Activity: The first line of the entries and each line after it, through the one that contains "L’attaquant des New", are to be duplicated exactly; no picture belongs in the copy.

═══

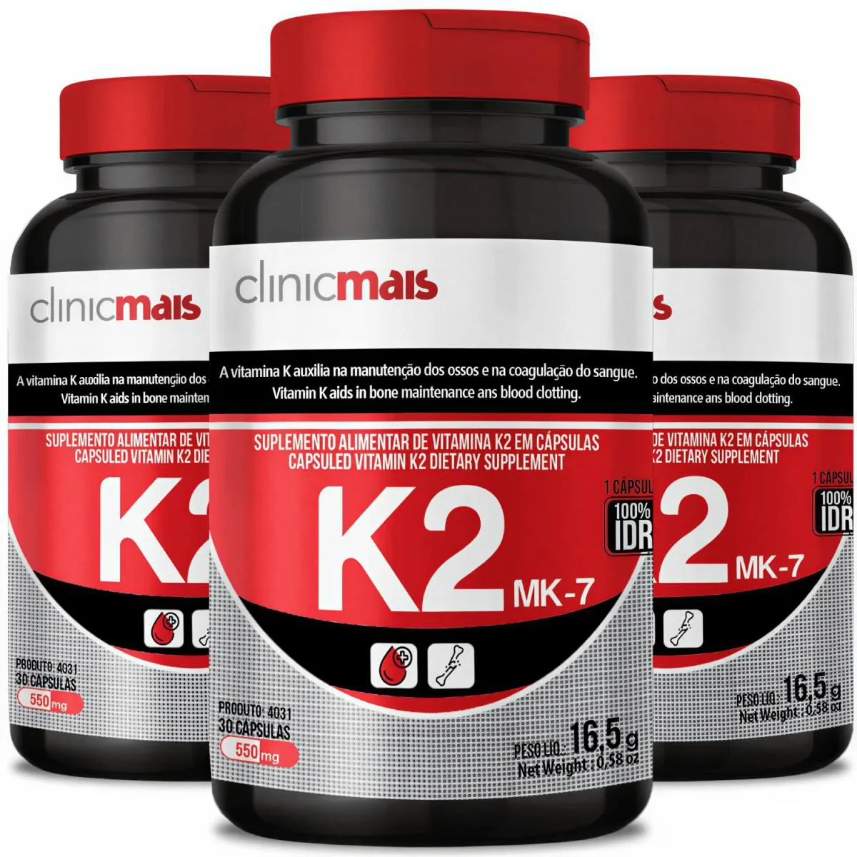 Kit 3 Vitamina K2 Menaquinona-7 Mk-7 65Mcg 1 ao Dia Total 90 Cápsulas - Clinicmais
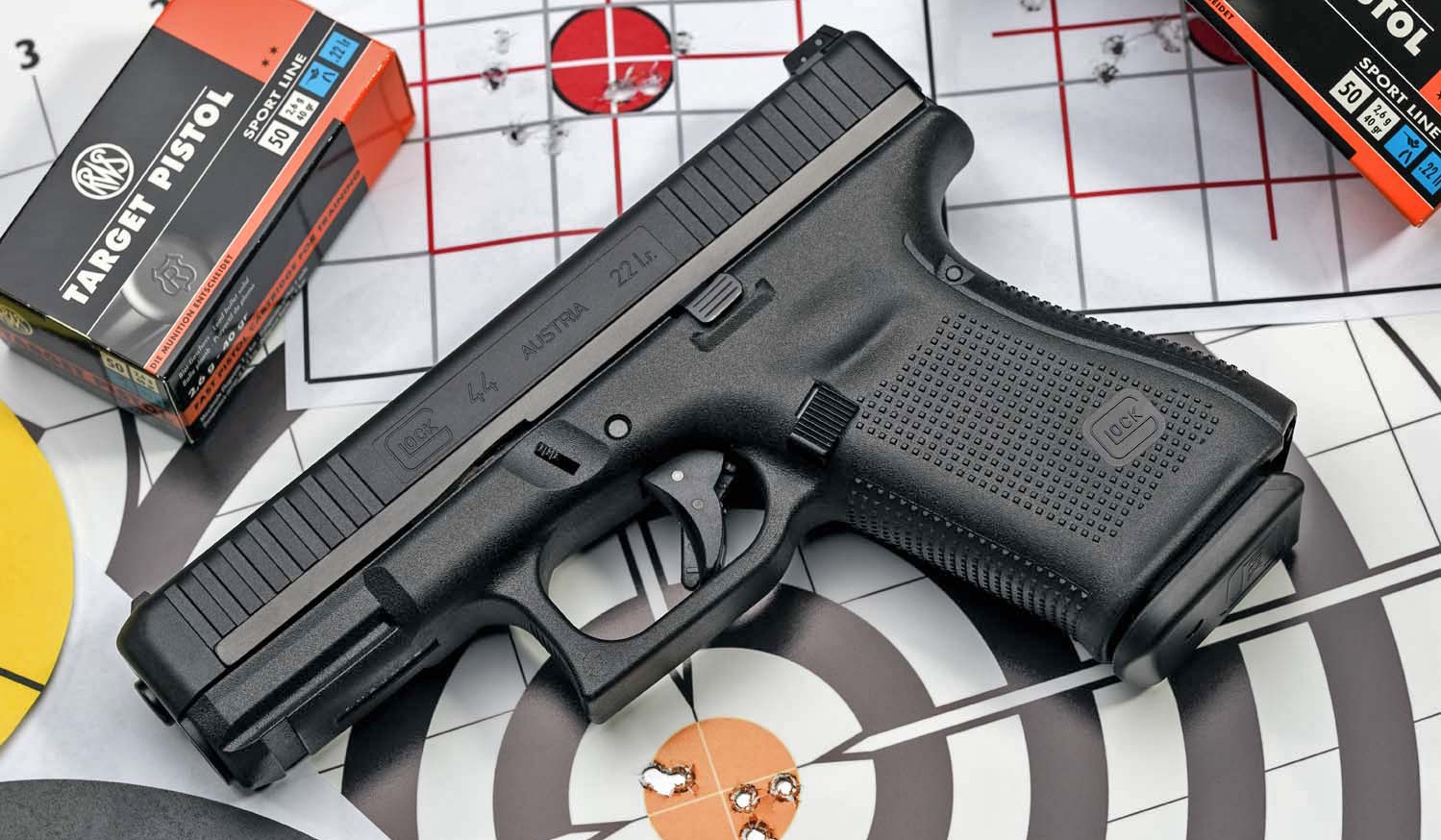 The Glock 44 offers the same compact, striker-fired, semi-automatic handgun currently in use by law enforcement agencies around the world, but chambered in the much smaller .22 long rifle round.
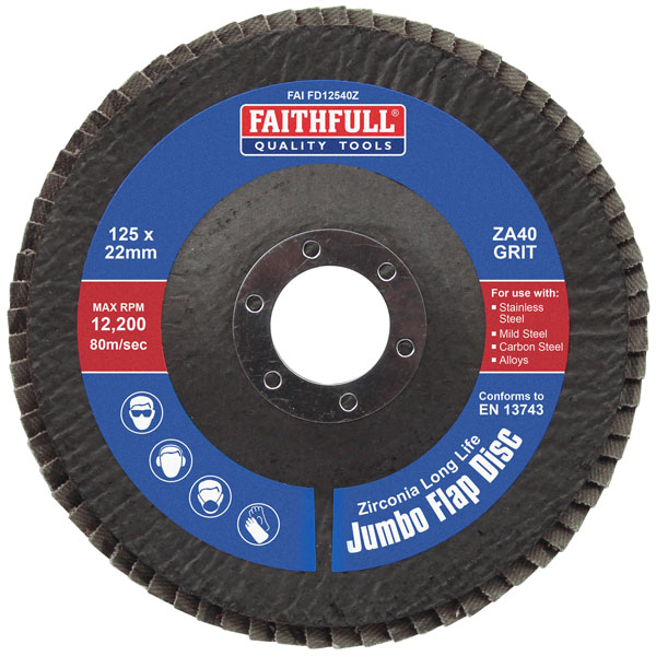 1 x Faithfull Zirconia Abrasive Jumbo Flap Disc ZA40 125mm. 40 grit is suitable for rough grinding. The slightly conical shape is ideal for grinding at 15–25-degree angles on contoured surfaces.
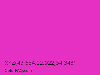 XYZ 43.654,22.922,54.348 Color is a normal magenta color and the nearest color is Razzle Dazzle Rose #ff33cc. Hex code #e630c4 and RGB value is rgb(230,48,196). In RGB color space, this color is composed of 90% red, 19% green, 77% blue, In CMYK color space, this color is composed of 0% cyan, 79% magenta, 15% yellow , 10% black , In HSL color space, this color has a hue angle of 311° , 78% saturation and 55% lightness.
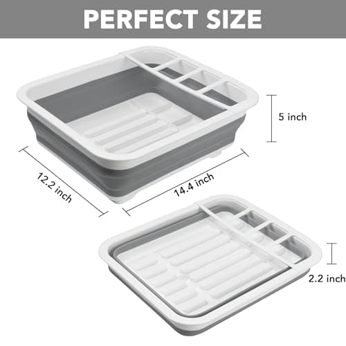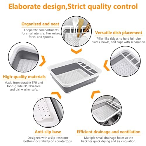 Kitchen Details Collapsible Dish Drying Rack | Space Saver | Aerated Bases Drain Holes | Plates, Bowls, Utensils Compartments | Countertop and Sink Storage | White/Grey
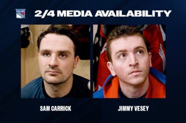 L’attaquant des New York Rangers, Sam Carrick, discute du retour de l’attaquant Jimmy Vesey à l’alignement, l’attaquant Jimmy Vesey discute…
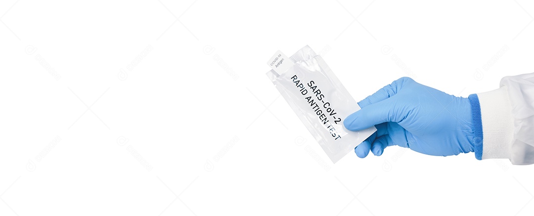 Mão de pessoal médico mostrando envelope de rapi de antígeno Covid-19
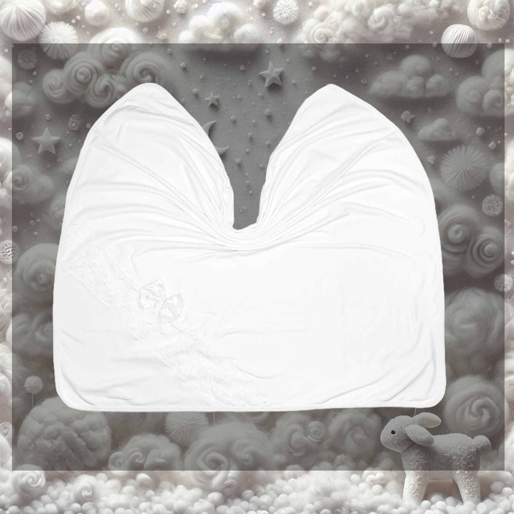 Die Neugeborenendecke in Weiß mit einem zarten Spitzenmuster ist ein bezauberndes und elegantes Accessoire, das speziell für die zarte Haut eines Neugeborenen entworfen wurde. Diese Decke kombiniert die Weichheit von hochwertiger Baumwolle mit der romantischen Schönheit der Spitze, um eine wunderschöne und funktionale Ergänzung zur Babyausstattung zu schaffen.

═══

Task result:
 Kit 3 Vitamina K2 Menaquinona-7 Mk-7 65Mcg 1 ao Dia Total 90 Cápsulas - Clinicmais
 The Glock 44 offers the same compact, striker-fired, semi-automatic handgun currently in use by law enforcement agencies around the world, but chambered in the much smaller .22 long rifle round.
 1 x Faithfull Zirconia Abrasive Jumbo Flap Disc ZA40 125mm. 40 grit is suitable for rough grinding. The slightly conical shape is ideal for grinding at 15–25-degree angles on contoured surfaces.
 XYZ 43.654,22.922,54.348 Color is a normal magenta color and the nearest color is Razzle Dazzle Rose #ff33cc. Hex code #e630c4 and RGB value is rgb(230,48,196). In RGB color space, this color is composed of 90% red, 19% green, 77% blue, In CMYK color space, this color is composed of 0% cyan, 79% magenta, 15% yellow , 10% black , In HSL color space, this color has a hue angle of 311° , 78% saturation and 55% lightness.
 Kitchen Details Collapsible Dish Drying Rack | Space Saver | Aerated Bases Drain Holes | Plates, Bowls, Utensils Compartments | Countertop and Sink Storage | White/Grey
 L’attaquant des New York Rangers, Sam Carrick, discute du retour de l’attaquant Jimmy Vesey à l’alignement, l’attaquant Jimmy Vesey discute…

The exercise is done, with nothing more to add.